Gareth Maule
- Born: Gareth Maule 4 December 1987 (age 37) Pontypool, Wales
- Height: 1.91 m (6 ft 3 in)
- Weight: 99 kg (15 st 8 lb)
- University: UWIC

Rugby union career
- Position: Centre

Senior career
- Years: Team / Apps / (Points)
- 2006–07: Ebbw Vale
- 2007–09: Newport / 10 / (0)
- 2007–09: Cross Keys / 19 / (30)
- 2009-10: Llandovery / 1 / (0)
- 2011: Llanelli / 3 / (0)
- 2014-2016: Bristol Rugby / 27 / (35)
- Correct as of 6 March 2016

Provincial / State sides
- Years: Team / Apps / (Points)
- 2006–2009: Dragons / 19 / (15)
- 2009–2014: Scarlets / 115 / (65)

International career
- Years: Team / Apps / (Points)
- 2004: Wales U16
- 2005: Wales U18
- 2006: Wales U19
- 2007: Wales U20

= Gareth Maule =

Welsh rugby player (born 1987)

Gareth Maule (born in Pontypool, Wales on 4 December 1987) is a Welsh rugby union player currently playing at Centre. He attended New College School Cardiff and St Albans RC High School.
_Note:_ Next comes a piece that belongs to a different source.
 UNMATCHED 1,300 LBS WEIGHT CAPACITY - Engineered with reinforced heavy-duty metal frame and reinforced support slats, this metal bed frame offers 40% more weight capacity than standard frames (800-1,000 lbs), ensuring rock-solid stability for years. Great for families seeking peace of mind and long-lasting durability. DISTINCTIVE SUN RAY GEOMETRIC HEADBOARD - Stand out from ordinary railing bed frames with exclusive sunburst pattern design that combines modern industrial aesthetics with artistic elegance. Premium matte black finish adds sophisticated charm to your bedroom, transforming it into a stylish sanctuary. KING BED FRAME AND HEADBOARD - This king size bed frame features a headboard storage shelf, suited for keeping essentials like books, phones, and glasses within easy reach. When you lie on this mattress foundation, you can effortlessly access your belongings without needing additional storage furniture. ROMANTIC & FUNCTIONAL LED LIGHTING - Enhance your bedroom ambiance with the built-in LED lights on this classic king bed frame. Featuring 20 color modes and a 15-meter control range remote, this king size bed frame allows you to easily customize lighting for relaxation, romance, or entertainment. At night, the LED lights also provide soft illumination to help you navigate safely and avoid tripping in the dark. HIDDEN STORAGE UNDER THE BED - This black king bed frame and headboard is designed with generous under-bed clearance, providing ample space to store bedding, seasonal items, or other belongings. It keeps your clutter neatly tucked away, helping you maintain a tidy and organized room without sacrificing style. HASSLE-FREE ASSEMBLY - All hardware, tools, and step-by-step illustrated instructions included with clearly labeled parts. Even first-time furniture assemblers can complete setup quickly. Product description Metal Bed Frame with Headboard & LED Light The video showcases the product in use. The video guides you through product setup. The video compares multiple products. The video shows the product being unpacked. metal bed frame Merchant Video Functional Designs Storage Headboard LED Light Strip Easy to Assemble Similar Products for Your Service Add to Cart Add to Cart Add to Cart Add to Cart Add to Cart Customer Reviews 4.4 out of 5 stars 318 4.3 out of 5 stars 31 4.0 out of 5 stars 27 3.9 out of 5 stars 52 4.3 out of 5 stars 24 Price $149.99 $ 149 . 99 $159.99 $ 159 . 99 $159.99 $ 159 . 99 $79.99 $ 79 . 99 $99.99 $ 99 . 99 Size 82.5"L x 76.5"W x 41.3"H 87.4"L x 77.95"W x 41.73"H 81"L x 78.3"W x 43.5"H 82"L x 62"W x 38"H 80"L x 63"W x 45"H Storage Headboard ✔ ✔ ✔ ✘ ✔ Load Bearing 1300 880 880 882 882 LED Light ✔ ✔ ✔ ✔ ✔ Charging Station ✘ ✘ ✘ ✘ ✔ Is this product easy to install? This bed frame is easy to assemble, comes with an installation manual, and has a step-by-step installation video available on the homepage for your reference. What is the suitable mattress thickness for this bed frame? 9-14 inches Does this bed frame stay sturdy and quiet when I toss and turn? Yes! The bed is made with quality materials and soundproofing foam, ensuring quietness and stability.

Maule has been capped for Wales at U16, U18, U19 and U20 over 20 times.

In May 2009, it was announced that Maule had signed for the Scarlets from Newport Gwent Dragons. Maule has previously played for Ebbw Vale RFC, Newport RFC, Cross Keys RFC and Bristol Rugby.